__TASK GOAL__.
Only one stretch of the data is wanted: the line containing "ティッシュポケット付きのポー", the line containing "Хром (пиколинат), Chromium", and every line between them, copied exactly.
*** Opening of DATA SHOWN ***
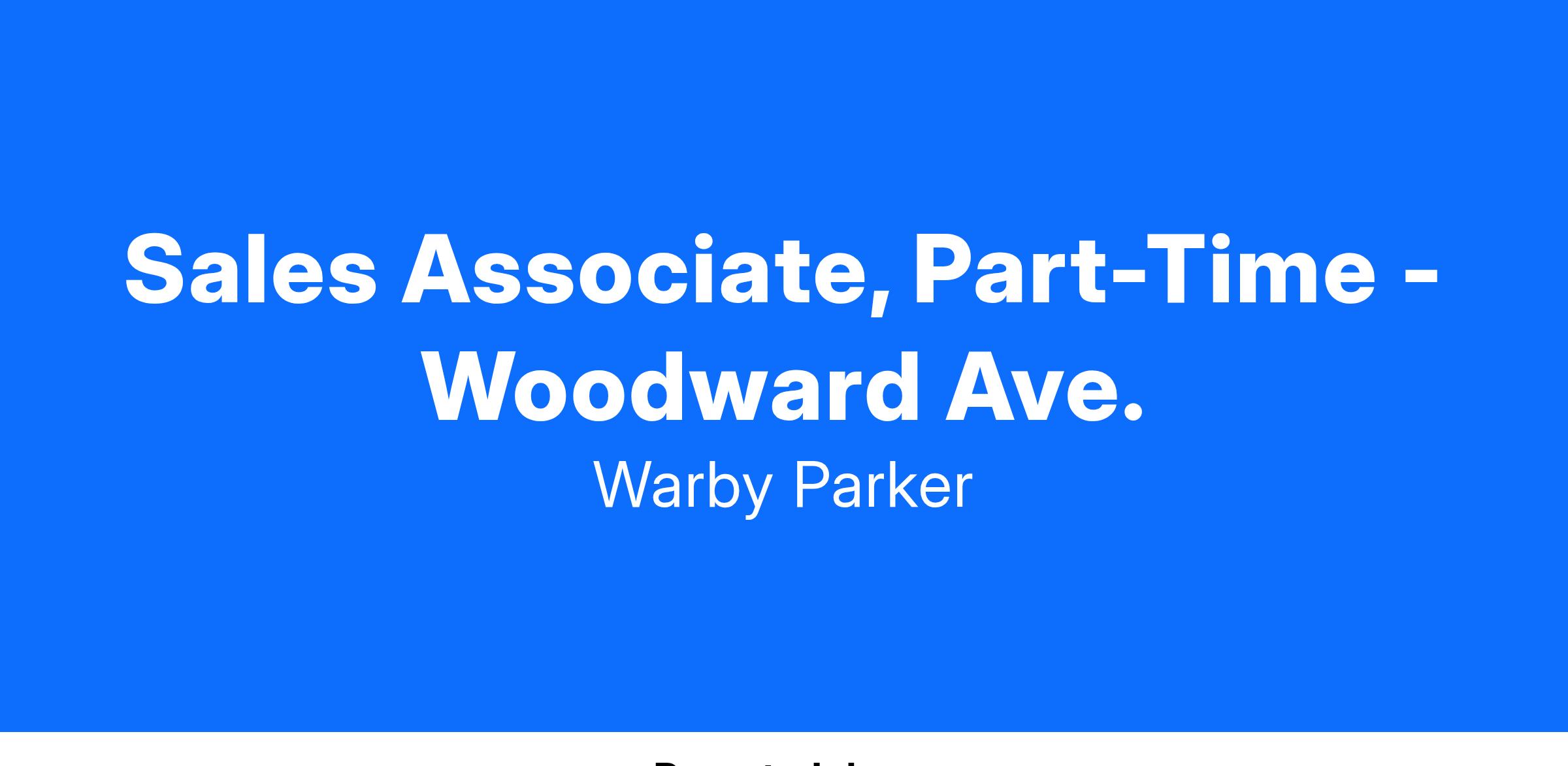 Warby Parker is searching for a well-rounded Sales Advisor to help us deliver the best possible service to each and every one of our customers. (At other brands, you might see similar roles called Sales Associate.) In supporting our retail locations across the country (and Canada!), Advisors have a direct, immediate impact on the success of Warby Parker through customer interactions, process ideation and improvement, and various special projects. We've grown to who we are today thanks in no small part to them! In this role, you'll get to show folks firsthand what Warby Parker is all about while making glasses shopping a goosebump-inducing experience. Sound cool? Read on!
*** Close of DATA SHOWN ***
*** Opening of DATA SHOWN ***
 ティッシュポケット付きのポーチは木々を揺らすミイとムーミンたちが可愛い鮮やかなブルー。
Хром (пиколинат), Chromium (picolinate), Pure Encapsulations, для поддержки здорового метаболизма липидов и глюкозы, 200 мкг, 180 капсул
*** Close of DATA SHOWN ***
__ANSWER TO THE EXERCISE__.
 ティッシュポケット付きのポーチは木々を揺らすミイとムーミンたちが可愛い鮮やかなブルー。
Хром (пиколинат), Chromium (picolinate), Pure Encapsulations, для поддержки здорового метаболизма липидов и глюкозы, 200 мкг, 180 капсул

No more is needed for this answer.